As he holds open the passenger door, his eyes scan the horizon like a man expecting Injuns. But the only act of aggression comes from a middle-aged lady in a cerise fake-fur coat and an early-model Diana Ross wig, who turns her back and slowly raises the middle finger of her right hand as she enters the gate, holding it aloft in a withering rebuke to the sightseers.

250 Lott is a big, dark, red-brick housing project, occupying a whole block of Brownsville. Even in the sunlight of a quiet January afternoon, it's a bleak sight. This is the building where, while he was growing up, Riddick Bowe says he heard the noise of gunfire on a daily basis. Every other floor, people say, housed a crack den. This is the district that moulded him, and moulded Mike Tyson too. It's from where, using the same route but very different styles, they made their escape.

Dorothy Bowe, 60 years old and disinclined to gush about one of her six sons and seven daughters, even the one who happens to be the heavyweight champion of the world, says that Riddick was an average little boy. 'He was kind of spoilt as a baby, being the next to youngest.' When he showed a liking for pugilism, she tried to discourage him. 'I wouldn't sign the form that gave him permission to box at school. So his sister Priscilla slipped in and signed my name to it. He was about 12.' Eventually Dorothy Bowe was persuaded to see her son box in a Golden Gloves contest at Madison Square Garden. 'I didn't like it. Still don't'

The greatest encouragement came from his school, PS 218 on Fountain Avenue, where one teacher, Lydia Hill, took a particular interest in him. 'Riddick was 14 or 15,' she said last week. 'He had behavioural difficulties. He was very hyper, very disruptive. He needed attention. I knew he wanted to be a boxer - he was always imitating Muhammad Ali - so I started buying boxing magazines and taking them to school for him. It helped with his reading, and it kept him motivated. I liked him a great deal. He became very determined, very focused. Now I use him as an example for my students of what can be achieved, given motivation.'

As it turns out, Riddick Bowe's interest in boxing has a source. Somewhat reluctantly, as Dorothy Bowe talked about being brought to New York from Georgia as a small child, she revealed that she had a brother, James Williams, who boxed as a pro.

'He fought one of them Rocky guys,' she said airily.

Which one? Marciano? Graziano?

'Yes, one of them boys.'

In fact, the records show that on 13 October 1943 in Elizabeth, New Jersey, middleweight Jimmy Williams was knocked out by Rocky Graziano in the second round of a non-title fight. Jimmy died four years ago, just as his nephew was starting a pro career that would scale the ultimate peak.

Riddick's father also didn't live to see the points victory over Evander Holyfield that was widely felt to have restored a measure of credibility to the big-time fight game. William Bowe had died a few months earlier, aged 74. A chauffeur and window-cleaner, he left his wife while Riddick was in childhood, but he remained in the district, and watched his sixth son grow up into a 6ft 5in, 230lb contender.

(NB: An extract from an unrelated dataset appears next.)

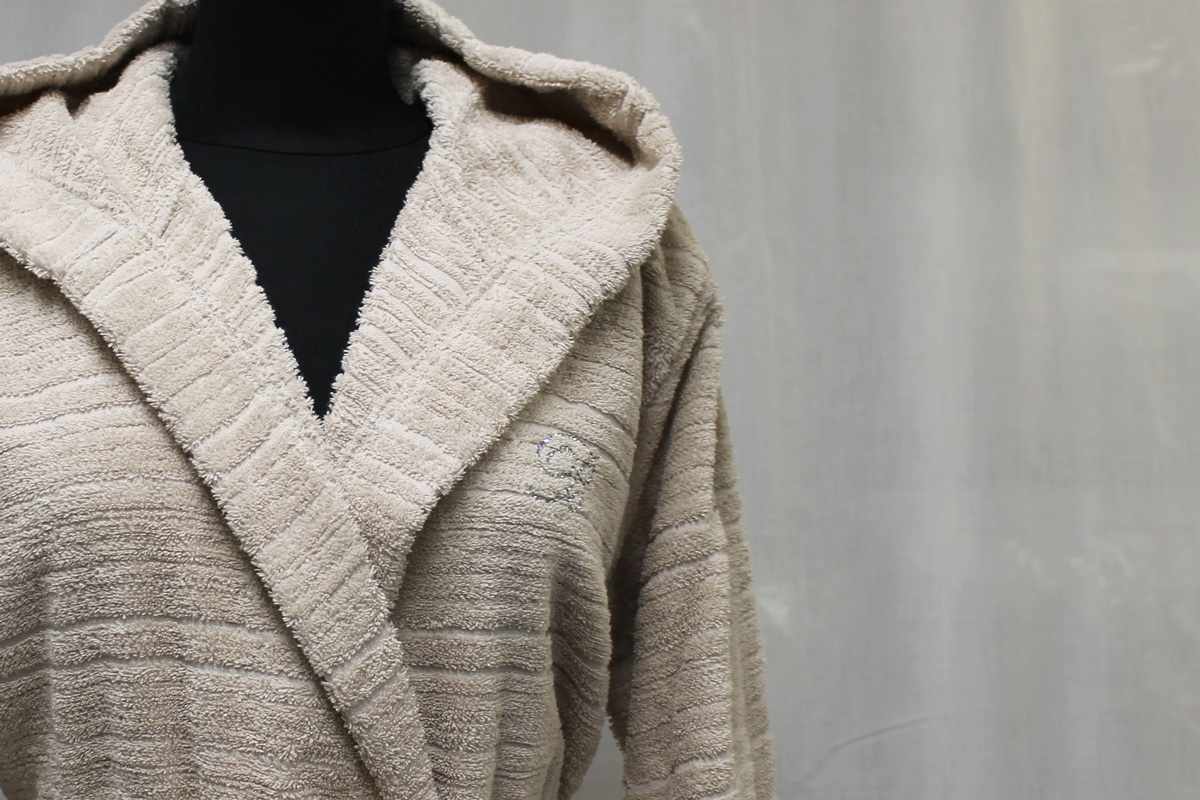 Viene realizzata in puro cotone idrofilo con lavorazione jacquard.

Mrs Bowe now lives in Fort Washington, Maryland, in what the real-estate people call a 'mini-mansion', bought for her by the boy who shared her poverty but says proudly that she never sent him to bed hungry. Bowe, now 25, is building his own mansion not far away, for his wife Judy, son Riddick Jr, and daughters Riddisha and Brenda. He plans to be around for a while.

A HUNDRED MILES north of Lott Avenue, Bowe is preparing for another payday. On Saturday he'll collect dollars 7m for the first defence of his WBO and IBF titles, against Michael Dokes - who, when he steps out of the ring at Madison Square Garden, will himself become dollars 750,000 richer for facing the fists of the man who could dominate the division for years to come.

Bowe and his entourage have been encamped for the last three weeks in the mountains of north-western Pennsylvania, at a honeymoon hotel called Caesars Brookdale on the Lake. Some of the rooms have bathtubs shaped like champagne glasses. The do-not-disturb notice announces: 'We're Still in Bed.' Out of season, though, the mood is hard to sustain. In fact, as a flight of geese drifts across the pewter sky and a winter wind agitates the frozen leaves, this could be the final scene from Godfather II. A thin snow dusts the ice- covered lake. Around the shoreline, between copses of pines and silver birch, stand wooden bungalows, their car ports empty. All it lacks is a greying Al Pacino, wrapped up in Michael Corleone's tailored overcoat and his dark meditations on fate.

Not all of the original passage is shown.